MicroRNA-21 inhibits ovarian granulosa cell proliferation by targeting SNHG7 in premature ovarian failure with polycystic ovary syndrome.

机构信息

Department of Clinical Laboratory Sciences, College of Applied medical Sciences, King Saud University, Riyadh, Saudi Arabia.

Department of Basic Medical Sciences, College of Medicine, Prince Sattam Bin Abdulaziz University, Riyadh, Saudi Arabia.

出版信息

J Reprod Immunol. 2021 Aug;146:103328. doi: 10.1016/j.jri.2021.103328. Epub 2021 May 5.
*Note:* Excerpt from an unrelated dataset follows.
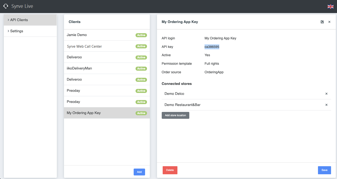 Klucz API zapewnia dostęp do wybranych sklepów i części danych (np. zamówienia na dowóz/na wynos, rezerwacje stolików itp.).

DOI:10.1016/j.jri.2021.103328
PMID:34020163
Abstract

microRNA (miRs or miRNAs) is a type of non-coding RNA which plays the role of a regulator in gene expression. A number of miRNAs has been found by the researchers for its critical role in the pathogenesis of polycystic ovary syndrome (PCOS). But there is a no clear information available about the biological role played by miR-21 in PCOS prognosis. So, the aim of the current study is to determine the role played by miR-21 in the progression of PCOS. In order to achieve this aim, the researcher examined miR-21 expression levels in ovarian tissue samples collected from PCOS patients as well as their KGN cells (human granulosa-like tumor cell line). The study results inferred downregulation in the expression levels of miR-21 in ovarian tissues of PCOS patients and KGN cells, when compared with unaffected ovarian tissues and IOSE80 (human ovarian surface epithelial cell line). With the overexpression of miR-21, the proliferation of KGN cells was prevented and apoptosis was induced among these cells. The authors used StarBase analysis for predicting the direct binding target of miR-21. As per the assay results attained from luciferase reporter assay and western blot analysis, it was found that SNHG7 acted as a target gene for miR-21 while the latter downregulated the former. To conclude, the current study revealed the contribution of miR-21/SNHG7 axis in the regulation of Granulosa Cell (GC) proliferation and apoptosis. It further suggested a new molecular mechanism for GC dysregulation while the finding presents a new promising target for PCOS treatment procedure.

摘要

微小 RNA(miRs 或 miRNAs)是一种非编码 RNA,在基因表达中起调节作用。研究人员发现了许多 miRNA,因其在多囊卵巢综合征(PCOS)发病机制中的关键作用而备受关注。但是,miR-21 在 PCOS 预后中的生物学作用尚不清楚。因此,本研究旨在确定 miR-21 在 PCOS 进展中的作用。为了实现这一目标,研究人员检查了来自 PCOS 患者和他们的 KGN 细胞(人颗粒细胞样肿瘤细胞系)的卵巢组织样本中的 miR-21 表达水平。研究结果推断,与未受影响的卵巢组织和 IOSE80(人卵巢表面上皮细胞系)相比,PCOS 患者和 KGN 细胞中的 miR-21 表达水平下调。通过过表达 miR-21,阻止了 KGN 细胞的增殖并诱导这些细胞凋亡。作者使用 StarBase 分析来预测 miR-21 的直接结合靶标。根据荧光素酶报告基因检测和 Western blot 分析获得的检测结果,发现 SNHG7 是 miR-21 的靶基因,而后者下调了前者。总之,本研究揭示了 miR-21/SNHG7 轴在调节颗粒细胞(GC)增殖和凋亡中的作用。它进一步提出了 GC 失调的新分子机制,而这一发现为 PCOS 治疗提供了新的有希望的靶点。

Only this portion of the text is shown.